Introduction: The frequency of bile duct injuries associated to cholecystectomy remains constant (0.3-0.6%). A multidisciplinary approach (endoscopical, radiological, and surgical) is necessary to optimize the outcome of the patient. Surgery is indicated when complete section of the duct is identified (Strasberg's E injuries) requiring a bilioenteric anastomosis as treatment. Nowadays, the most frequent technique used for reconstruction is a Roux-en-Y hepatojejunostomy. Long-term results of reconstruction are related to several technical and anatomic factors, but an ischemic duct (with subsequent scarring) plays a mayor role. In this paper, we report the results of biliary reconstructions comparing the extrahepatic-probably ischemic -- to intrahepatic -- non ischemic -- repairs.
Methods: We reviewed the files of patients referred to our hospital (third-level teaching hospital) for bile duct repair after iatrogenic injury from 1990 to July 2006. Injury classification, time lapse since injury, surgical repair technique, and long-term follow-up were noted. In all cases, a Roux-en-Y hepatojejunostomy was done. Partial resection of segment IV was performed in 136 patients to obtain noninflamed, nonscarred, nonischemic biliary ducts with the purpose of reaching the confluence and achieving a high-quality bilioenteric anastomosis. An anastomosis at the level of the confluence was attempted in 293 patients (in 198 the confluence was preserved and in 95 it was lost). In the remaining 80 patients, a low bilioenteric anastomosis was done at the level of the common hepatic duct.
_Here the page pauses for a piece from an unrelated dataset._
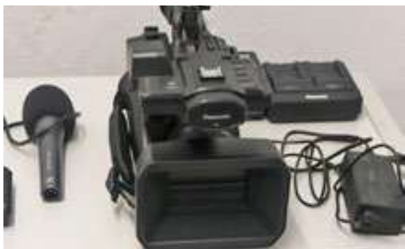
Figura 15 - Câmara de vídeo

We compared intrahepatic (198) and extrahepatic (80) repairs.
Results: A total of 405 cases (88 males, 317 females) were identified, with a mean age of 42 years (range 17-75). All of the injuries were classified as Strasberg E1, E2, E3, E5 (less frequent); those with E4 classification (separated ducts) were excluded. In all cases, the confluence was preserved (N = 293). Thirty-two cases were repaired minutes to hours after the injury occurred. The remaining 373 patients arrived weeks after the injury. In 198 cases, an intrahepatic repair was done, including the 136 in which resection of segments IV and V was part of the surgery. In the remaining 80 cases (operated between 1990 and 1997), an extrahepatic repair was done at the level of the common hepatic duct where the surgeon found a healthy duct. Twelve (15%) of the 80 cases with extrahepatic anastomosis required a new intervention (surgical or radiological), compared to only 8 of the 198 (3%) that had an intrahepatic anastomosis (P = 0.00062). Good results were obtained in 85% and 97% of the cases with extrahepatic anastomosis and intrahepatic anastomosis, respectively. Both groups had a reintervention rate of 7% (20/278).
Conclusions: An intrahepatic anastomosis requires finding nonscarred, nonischemic ducts, thus allowing a safe and high-quality anastomosis with significantly better results when compared to the low-level anastomosis group.